What remains is the most valuable discipline that you can cultivate: how to ask effective, productive questions. And once you receive an answer to that question, how to take that answer to reformulate the next question, performing this process recursively until clarity comes. This is the process of "critical thinking", but that phrase handwaves away the mechanics of what it means to do just that. Being able to distill a general question into a highly specific one involves relentless scrutiny, ongoing experimentation, and being comfortable residing in a state of unknowing for an unspecific amount of time. This is the true job description of the programmer.

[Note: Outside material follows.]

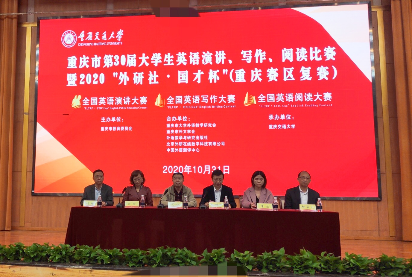 2020年10月31日,重庆市第三十届大学生英语演讲比赛暨2020“外研社·国才杯”全国英语阅读、写作、演讲大赛重庆市复赛在重庆交通大学举行。本次比赛由重庆市教育委员会主办,重庆市大学外语教学研究会、重庆市外文学会、外语教学与研究出版社、北京外研在线数字科技有限公司、中国外语测评中心协办,重庆交通大学承办。共有来自市内28所高校的307名选手分赛事类别同场较量。
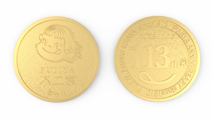 創業日にあたる2023年11月16日(木)限定で、税込1130円以上購入した人に、先着で「113周年ペコちゃんオリジナルメダル」1枚をプレゼント。今年9月にリニューアルした、不二家洋菓子店の新店舗ロゴ入りの2023年限定デザインは必見ですね。

AI models cannot think for you, and they cannot formulate the question for you. They can certainly be a tool that helps you on your research path, but they are still bound by their training data, and they cannot escape the weighted dice that determines their paths which drive to their outputs. Their ability to generate answers is unmatched, but those answers are highly sensitive to the original input & context, and fundamentally untrustworthy by their very nature. That's OK, because they still have tremendous value, but only when someone is present and capable to sift through the noise, distill the truth, and verify the answer (or perhaps, the next question).

The Answers are Cheap Now

As Brit Cruise stated in a beautifully succinct manner: in an era where AI tooling has dropped the cost of answers to near zero, the value resides in asking the right questions. And while AI tools have exacerbated this situation, I would postulate that the value has always been in asking the right questions.

And when you have an infinite answer machine, your ability to ask good questions becomes infinitely more valuable.